A proposta articulada pela Câmara de Comercialização de Energia Elétrica – CCEE com agentes do setor elétrico para viabilizar o pagamento dos valores do GSF (Generation Scaling Fator) 2015 repactuados, um total de R$ 3 bilhões, foi aprovada pela Agência Nacional de Energia Elétrica – Aneel nesta terça-feira (29/3). Com isso, a liquidação financeira do Mercado de Curto Prazo – MCP referente a janeiro de 2016, que ocorre em 18 e 19 de abril, operacionalizará os montantes referentes à repactuação do risco hidrológico.

A solução encontrada para equacionar os valores em aberto no MCP permite o pagamento dos débitos oriundos da retirada das liminares referentes ao GSF em até seis vezes. O saldo remanescente a cada liquidação será corrigido por IGP-M mais juros de 1% ao mês pro rata die.

“Buscamos equilibrar a situação do devedor, que poderá optar pelo parcelamento, e do credor, que receberá o valor corrigido. Agora, com a aprovação da Aneel, esperamos normalizar as operações do Mercado de Curto Prazo nos próximos meses e retomar o ritmo das liquidações ao longo de 2016”, ressalta Rui Altieri, presidente do Conselho de Administração da CCEE.

O agente poderá escolher pelo parcelamento ou pagamento integral de seu débito, como previsto pela proposta. Na liquidação, caso ele esteja com posição credora, os valores serão utilizados para amortização parcial ou total da dívida. Em cada liquidação, o agente terá que realizar o pagamento mínimo de um sexto do valor total do débito apurado.

Os valores referentes à repactuação e que estavam protegidos por liminares começam a ser considerados na próxima liquidação financeira do Mercado de Curto Prazo, que será realizada nos dias 18 e 19 de abril. Já as contabilizações referentes a fevereiro e março serão unificadas, sendo a liquidação promovida em 19 (débito) e 20 (crédito) de maio.

Entenda a liquidação financeira do MCP com a repactuação

Cenário 1 - Se o agente tiver na liquidação do MCP referente a janeiro de 2016 um crédito superior ao valor repactuado, ele quitará o débito à vista.

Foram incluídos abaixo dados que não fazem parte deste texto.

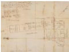
A Map of Lands applied for by Sundry persons by virtues of Improvements and occupancies there of prior to the 22 July 1782 situate in the County of Ulster in the Town of Mamakating (NYSL_SC17820_B3_F15)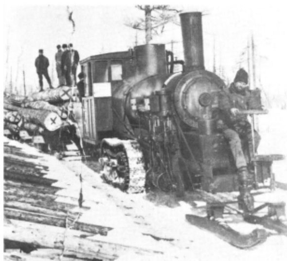
A Peavey Log Hauler, Traction was obtained by revolving screws.

The description, claims and drawings of this patent are restricted to the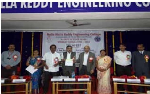
The Secretary, NMREC presenting rupees two lakh cheque to the Chairman ISTE TS Section.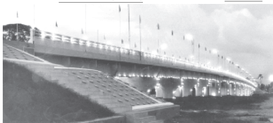
The 1400 feet long Darka River Bridge on Yangon-Pathein Highway in Kangyidaunt Township, Ayeyawady Division.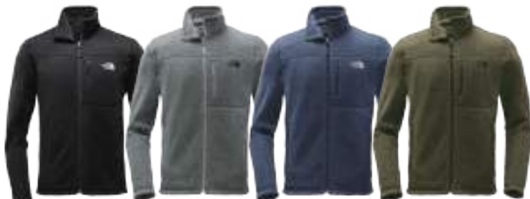
TNF BLACK HEATHER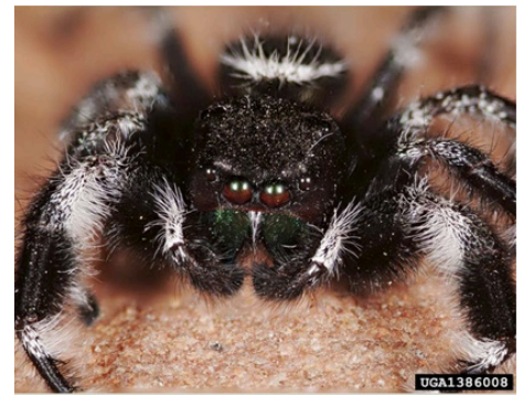
Daring jumping spider ( Phidippus audax ).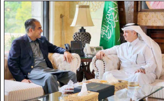
ISLAMABAD: Federal Minister for Interior Mohsin Naqvi in a meeting with Ambassador of Saudi Arabia Nawaf bin Said Ahmed Al-Maliki.

Also in attendance were Federal Minister Ahsan Iqbal and Senior Punjab Minister Marriyum Aurangzeb.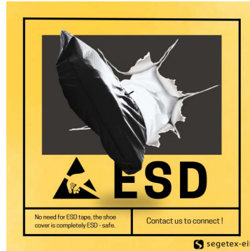
Anti-Static Discharge Shoe Covers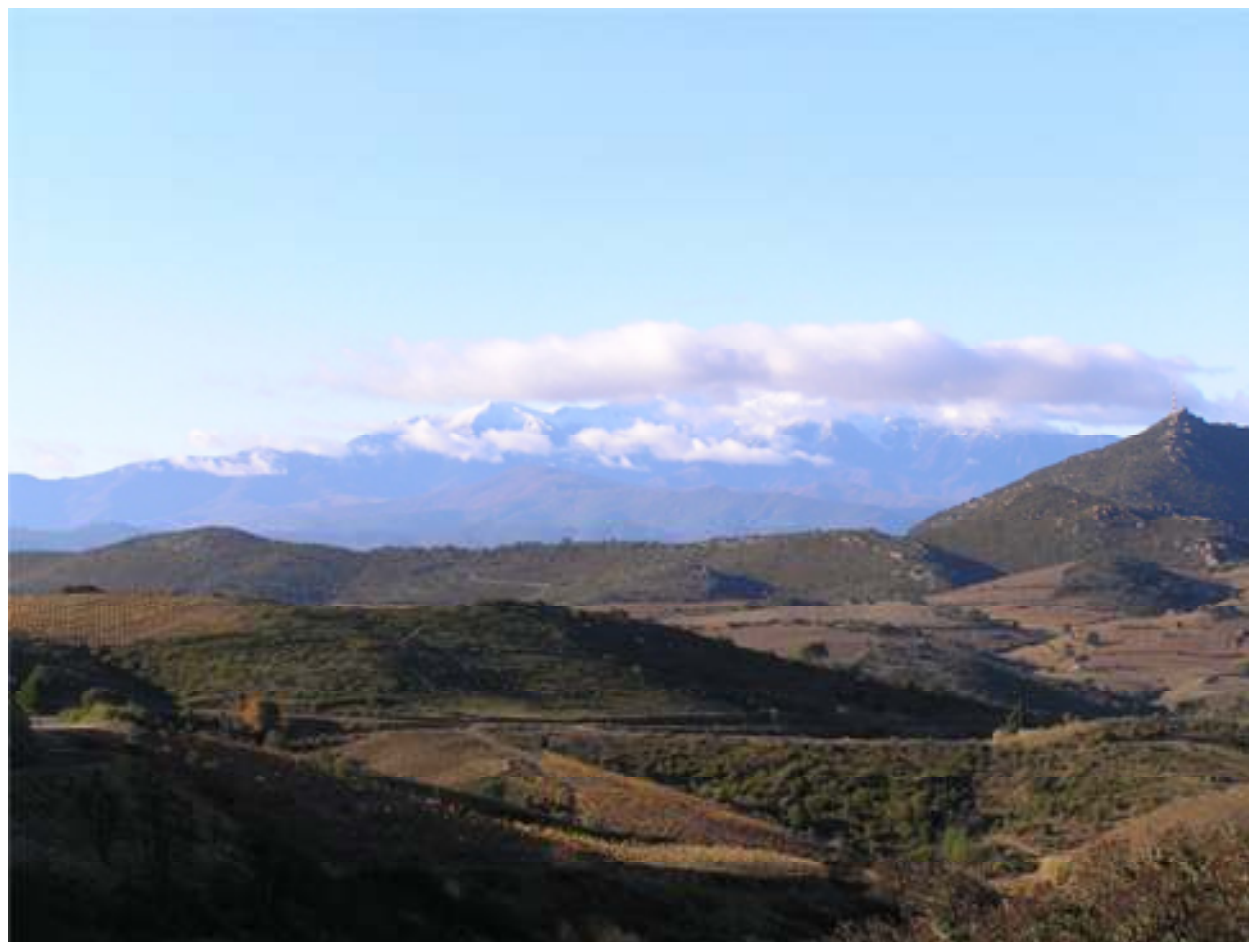
The rolling hill vineyards of Domaine Gauby, with the Pyrenees in the background.

one hundred and twenty years of age! The vines are planted in stony soils of marl and schist. The 2013 shows plenty of old vine depth in its aromatic constellation of cherries, black raspberries, roasted meats, coffee, cloves, stony minerality, bonfire and wild fennel. On the palate the wine is deep, full-bodied and sappy at the core, with great soil signature, impressive complexity, ripe, suave tannins and excellent length and grip on the focused and spicy finish. This too is already drinking nicely, but has room to grow and will be better with another four or five years' worth of bottle age. 2017-2035+. 92.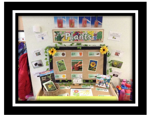
What do plants need to grow?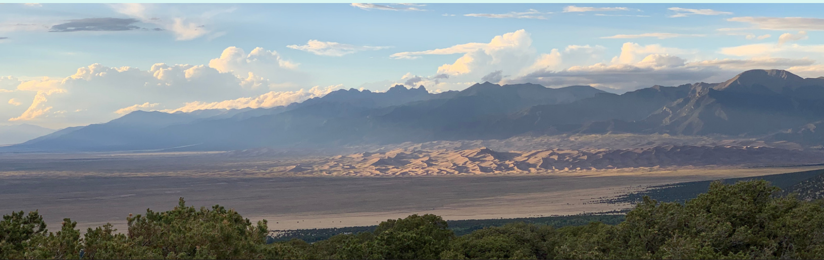
Image 2. Great Sand Dunes National Park in the San Luis Valley on the Capstone team's partner engagement trip.

A brief summary in Colorado's 2024 Statewide Comprehensive Outdoor Recreation Plan (SCORP) to highlight the successes of the RPI and to increase visibility of the RPI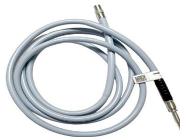
Fiber Optic Cable

Cenário 2 - Caso o agente tenha uma posição de credor na liquidação do mês de referência, mas de um montante inferior ao valor repactuado, o saldo do crédito será abatido do valor negociado. Desta forma, o restante do débito será parcelado em seis parcelas. Nos meses subsequentes, até a liquidação total, o número da parcela será reduzido gradualmente (no caso em questão, o agente B liquida o valor repactuado em três operações).

Cenário 3 - Outro caso possível ocorrerá se o agente detiver uma posição de débito na liquidação do MCP. Nesta situação, ele precisará aportar o valor integral do montante referente ao mês em questão acrescido de uma parcela do total repactuado. Considerando essa possibilidade, ele poderá quitar seu débito em até seis operações.

Sobre a CCEE

A Câmara de Comercialização de Energia Elétrica - CCEE (www.ccee.org.br) é responsável por viabilizar e gerenciar a comercialização de energia elétrica no país, garantindo a segurança e o equilíbrio financeiro deste mercado. A CCEE é uma associação civil sem fins lucrativos, mantida pelas empresas que compram e vendem energia no Brasil. O papel da CCEE é fortalecer o ambiente de comercialização de energia - no ambiente regulado, no ambiente livre e no mercado de curto prazo - por meio de regras e mecanismos que promovam relações comerciais sólidas e justas para todos os segmentos do setor (geração, distribuição, comercialização e consumo).